= Exercise prompt =
From the records below, transcribe exactly the lines that begin at the line with "vizir na kapuci" and end at the line with "校黨委書記杜慧芳代表學校表示", both included.

++++ Dataset extract

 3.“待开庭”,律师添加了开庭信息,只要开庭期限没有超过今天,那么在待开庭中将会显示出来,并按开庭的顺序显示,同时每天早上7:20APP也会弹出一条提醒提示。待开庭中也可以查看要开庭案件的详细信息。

++++++++
++++ Dataset extract

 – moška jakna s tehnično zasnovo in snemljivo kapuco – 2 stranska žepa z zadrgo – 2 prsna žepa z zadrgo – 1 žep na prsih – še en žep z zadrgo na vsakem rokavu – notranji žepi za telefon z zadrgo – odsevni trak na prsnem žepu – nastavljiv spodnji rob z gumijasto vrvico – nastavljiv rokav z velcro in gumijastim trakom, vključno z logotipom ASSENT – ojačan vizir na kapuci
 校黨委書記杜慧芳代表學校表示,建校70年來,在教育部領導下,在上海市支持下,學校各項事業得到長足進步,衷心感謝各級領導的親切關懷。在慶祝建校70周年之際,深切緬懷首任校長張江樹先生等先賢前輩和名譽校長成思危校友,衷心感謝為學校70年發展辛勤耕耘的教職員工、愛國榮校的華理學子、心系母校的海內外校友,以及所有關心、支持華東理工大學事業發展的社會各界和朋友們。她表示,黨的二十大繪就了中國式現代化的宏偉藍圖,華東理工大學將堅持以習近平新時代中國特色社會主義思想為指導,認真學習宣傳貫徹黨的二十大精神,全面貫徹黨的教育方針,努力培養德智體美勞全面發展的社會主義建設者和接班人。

++++++++

= Completed task =
 – moška jakna s tehnično zasnovo in snemljivo kapuco – 2 stranska žepa z zadrgo – 2 prsna žepa z zadrgo – 1 žep na prsih – še en žep z zadrgo na vsakem rokavu – notranji žepi za telefon z zadrgo – odsevni trak na prsnem žepu – nastavljiv spodnji rob z gumijasto vrvico – nastavljiv rokav z velcro in gumijastim trakom, vključno z logotipom ASSENT – ojačan vizir na kapuci
 校黨委書記杜慧芳代表學校表示,建校70年來,在教育部領導下,在上海市支持下,學校各項事業得到長足進步,衷心感謝各級領導的親切關懷。在慶祝建校70周年之際,深切緬懷首任校長張江樹先生等先賢前輩和名譽校長成思危校友,衷心感謝為學校70年發展辛勤耕耘的教職員工、愛國榮校的華理學子、心系母校的海內外校友,以及所有關心、支持華東理工大學事業發展的社會各界和朋友們。她表示,黨的二十大繪就了中國式現代化的宏偉藍圖,華東理工大學將堅持以習近平新時代中國特色社會主義思想為指導,認真學習宣傳貫徹黨的二十大精神,全面貫徹黨的教育方針,努力培養德智體美勞全面發展的社會主義建設者和接班人。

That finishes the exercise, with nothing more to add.